Going Up Steps/Curbs

  1. Stand close to the surface you intend to go up.
  2. Keep your surgical/injured leg raised in the air behind you so that the steps are not in the way.
  3. Pushing down through the crutch handles with your hands, bring your non-surgical/non-injured leg up onto the step by hopping.
  4. Shift your weight onto the non-surgical/non-injured leg and then bring both crutches up onto the step.
  5. At this point, you may rest the toes of your surgical/injured leg on the ground if needed. Be careful not to place any weight through this foot.
  6. If going up multiple steps, repeat this pattern until you have reached the top.

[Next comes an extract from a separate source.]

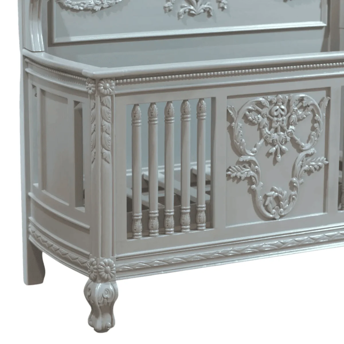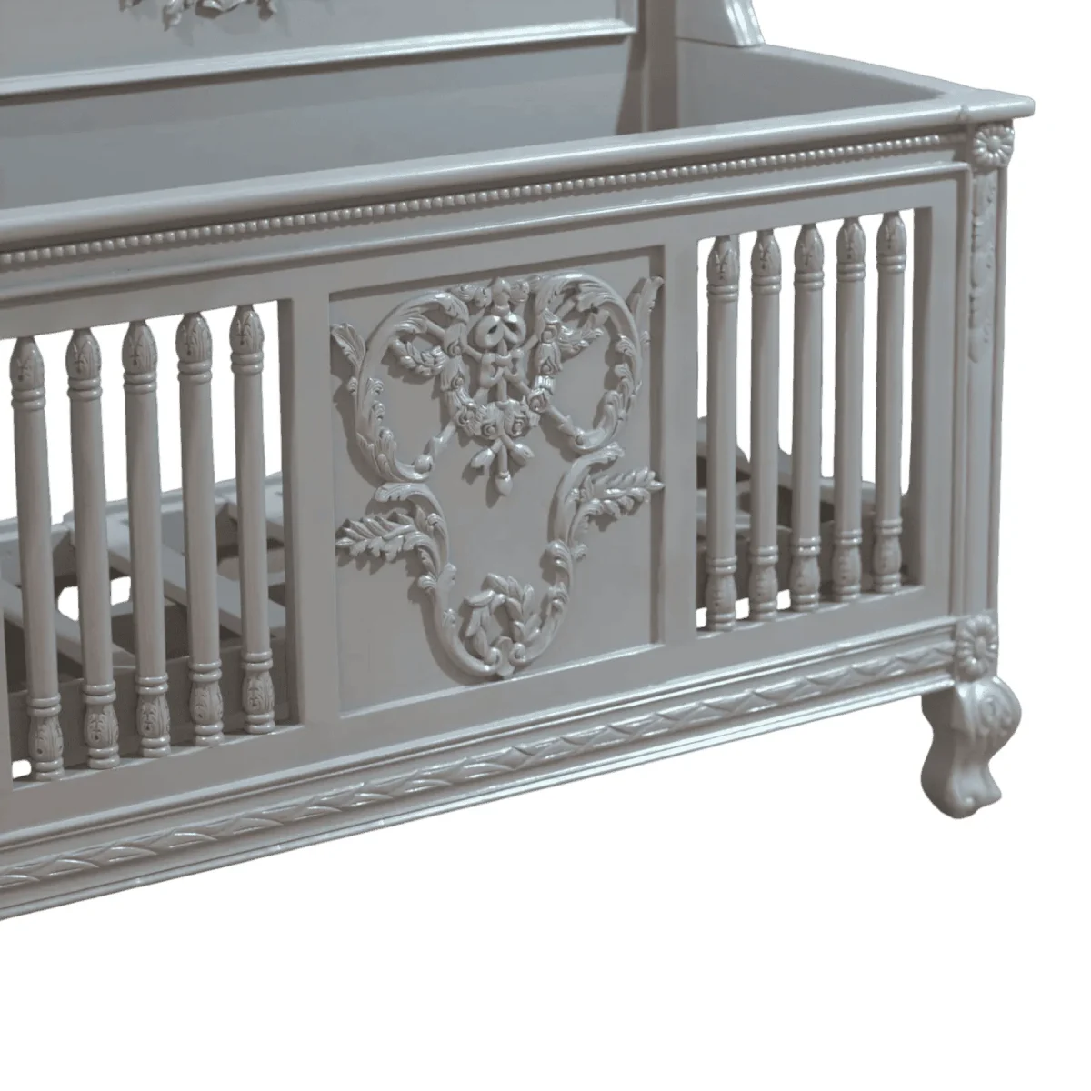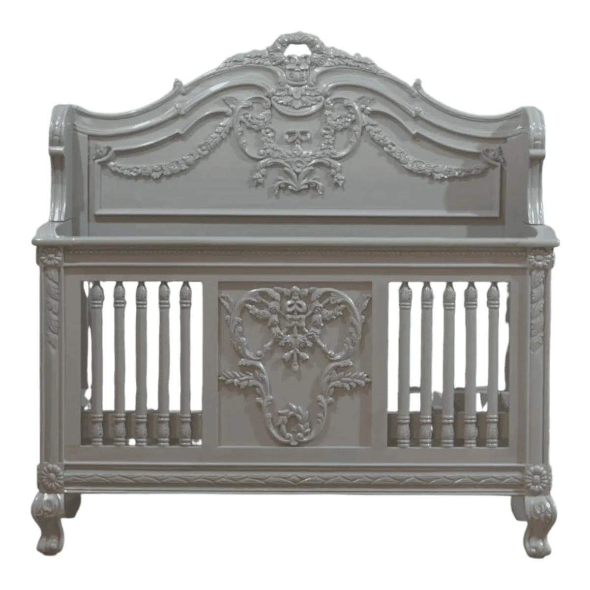 Welcome your little one into a world of luxury and grace with this stunningly ornate baby crib that transforms any nursery into a royal chamber filled with artisanal beauty and historical charm The crib features a high-back headboard adorned with intricate floral swags and a central crest while the slatted sides provide safety and visibility within a framework of hand-carved elegance The soft grey finish offers a calming neutral tone that suits both modern and traditional nurseries providing a sophisticated backdrop for soft linens and plush toys Crafted with the highest safety standards in mind using solid mahogany wood this crib is designed to be a durable and beautiful sanctuary for your child through their earliest years and can serve as a cherished family heirloom passed down through generations reflecting a commitment to quality and the celebration of new life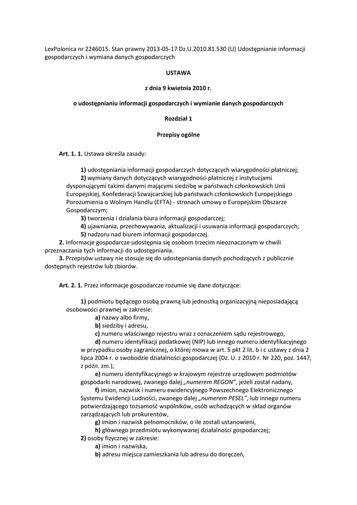LexPolonica nr 2246015. Stan prawny 2013-05-17 Dz.U.2010.81.530 (U) Udostępnianie informacji gospodarczych i wymiana danych gospodarczych USTAWA z dnia 9 kwietnia 2010 r. o udostępnianiu informacji gospodarczych i wymianie danych gospodarczych Rozdział 1 Przepisy ogólne Art. 1. 1. Ustawa określa zasady: 1) udostępniania informacji gospodarczych dotyczących wiarygodności płatniczej; 2) wymiany danych dotyczących wiarygodności płatniczej z instytucjami dysponującymi takimi danymi mającymi siedzibę w państwach członkowskich Unii Europejskiej, Konfederacji Szwajcarskiej lub państwach członkowskich Europejskiego Porozumienia o Wolnym Handlu (EFTA) - stronach umowy o Europejskim Obszarze Gospodarczym; 3) tworzenia i działania biura informacji gospodarczej; 4) ujawniania, przechowywania, aktualizacji i usuwania informacji gospodarczych; 5) nadzoru nad biurem informacji gospodarczej. 2. Informacje gospodarcze udostępnia się osobom trzecim nieoznaczonym w chwili przeznaczania tych informacji do udostępniania. 3. Przepisów ustawy nie stosuje się do udostępniania danych pochodzących z publicznie dostępnych rejestrów lub zbiorów. Art. 2. 1. Przez informacje gospodarcze rozumie się dane dotyczące: 1) podmiotu będącego osobą prawną lub jednostką organizacyjną nieposiadającą osobowości prawnej w zakresie: a) nazwy albo firmy, b) siedziby i adresu, c) numeru właściwego rejestru wraz z oznaczeniem sądu rejestrowego, d) numeru identyfikacji podatkowej (NIP) lub innego numeru identyfikacyjnego w przypadku osoby zagranicznej, o której mowa w art. 5 pkt 2 lit. b i c ustawy z dnia 2 lipca 2004 r. o swobodzie działalności gospodarczej (Dz. U. z 2010 r. Nr 220, poz. 1447, z późn. zm.), e) numeru identyfikacyjnego w krajowym rejestrze urzędowym podmiotów gospodarki narodowej, zwanego dalej „numerem REGON”, jeżeli został nadany, f) imion, nazwisk i numeru ewidencyjnego Powszechnego Elektronicznego Systemu Ewidencji Ludności, zwanego dalej „numerem PESEL”, lub innego numeru potwierdzającego tożsamość wspólników, osób wchodzących w skład organów zarządzających lub prokurentów, g) imion i nazwisk pełnomocników, o ile zostali ustanowieni, h) głównego przedmiotu wykonywanej działalności gospodarczej; 2) osoby fizycznej w zakresie: a) imion i nazwiska, b) adresu miejsca zamieszkania lub adresu do doręczeń, c) numeru PESEL lub innego numeru potwierdzającego tożsamość, d) serii i numeru dowodu osobistego lub innego dokumentu potwierdzającego tożsamość; 3) osoby fizycznej prowadzącej działalność gospodarczą w zakresie: a) imion i nazwiska, b) numeru PESEL lub innego numeru potwierdzającego tożsamość, c) serii i numeru dowodu osobistego lub innego dokumentu potwierdzającego tożsamość, d) firmy, e) oznaczenia miejsca zamieszkania i adresu do doręczeń lub adresu, pod którym jest wykonywana działalność gospodarcza, f) numeru identyfikacji podatkowej (NIP) lub innego numeru identyfikacyjnego w przypadku osoby zagranicznej, o której mowa w art. 5 pkt 2 lit. a ustawy z dnia 2 lipca 2004 r. o swobodzie działalności gospodarczej, g) numeru REGON, jeżeli został nadany, h) numeru właściwej ewidencji wraz z oznaczeniem organu ewidencyjnego lub numeru właściwego rejestru wraz z oznaczeniem sądu rejestrowego w przypadku osoby zagranicznej, o której mowa w art. 5 pkt 2 lit. a ustawy z dnia 2 lipca 2004 r. o swobodzie działalności gospodarczej, i) imion i nazwisk pełnomocników, o ile zostali ustanowieni, j) głównego przedmiotu wykonywanej działalności gospodarczej; 4) zobowiązania pieniężnego w zakresie: a) tytułu prawnego, b) kwoty i waluty, c) kwoty zaległości, d) daty powstania zaległości, e) informacji o postępowaniach dotyczących zobowiązania, f) informacji o kwestionowaniu przez dłużnika istnienia całości lub części zobowiązania, g) daty wysłania listem poleconym albo doręczenia dłużnikowi do rąk własnych wezwania do zapłaty, zawierającego ostrzeżenie o zamiarze przekazania danych do biura informacji gospodarczej, z podaniem firmy i adresu siedziby tego biura, h) informacji o zbyciu wierzytelności, i) innych informacji przekazanych w trybie i na zasadach określonych w art. 18; 5) posłużenia się podrobionym lub cudzym dokumentem w zakresie: a) nazwy dokumentu, b) serii i numeru dokumentu, c) daty wystawienia dokumentu, d) oznaczenia, siedziby i adresu podmiotu wskazanego w dokumencie jako jego wystawca, e) imion i nazwiska osoby, której dokument dotyczy, f) okoliczności posłużenia się dokumentem, g) wskazania osoby lub organu, który stwierdził, że dokument jest podrobiony lub cudzy. 2. Ilekroć w ustawie jest mowa o: 1) dłużniku - rozumie się przez to osobę fizyczną, w tym osobę fizyczną wykonującą działalność gospodarczą, osobę prawną lub jednostkę organizacyjną nieposiadającą osobowości prawnej, zobowiązaną względem wierzyciela w związku z wykonywaną działalnością gospodarczą lub stosunkiem prawnym; 2) dłużniku niebędącym konsumentem - rozumie się przez to: a) osobę fizyczną wykonującą działalność gospodarczą zobowiązaną względem wierzyciela w związku z wykonywaną działalnością gospodarczą, b) osobę prawną lub jednostkę organizacyjną nieposiadającą osobowości prawnej zobowiązaną względem wierzyciela w związku z wykonywaną działalnością gospodarczą lub stosunkiem prawnym; 3) dłużniku będącym konsumentem - rozumie się przez to osobę fizyczną, o której mowa w art. 221 ustawy z dnia 23 kwietnia 1964 r. - Kodeks cywilny (Dz. U. Nr 16, poz. 93, z późn. zm.), osobę zobowiązaną do świadczeń alimentacyjnych, o której mowa w art. 2 pkt 3 ustawy z dnia 7 września 2007 r. o pomocy osobom uprawnionym do alimentów (Dz. U. z 2009 r. Nr 1, poz. 7, z późn. zm.), a także rodzica zobowiązanego do ponoszenia opłaty za pobyt dziecka w rodzinie zastępczej, rodzinnym domu dziecka, placówce opieku

*If there is a railing available to use, hold both crutches on the side of your body opposite the handrail and grab the handrail with your free hand. Step up with your non-surgical/non-injured leg and then bring the crutches up.

Going Down Steps/Curbs

  1. Stand close to the end of the surface you intend to go down.
  2. Keep your surgical/injured leg raised up in front of you so that the stairs are out of the way.
  3. Lower both crutches down to the step below.
  4. Pushing down through the crutch handles with your hands, bring your non-surgical/non-injured leg down to meet the crutches by hopping.
  5. At this point, you may rest the toes of your surgical/injured leg on the ground if needed. Be careful not to place any weight through this foot.
  6. If going down multiple steps, repeat this pattern until you have reached the bottom.

*If there is a railing available to use, hold both crutches on the side of your body opposite the handrail and grab the handrail with your free hand. Lower the crutches down to the next step, then lower your non-surgical/non-injured leg.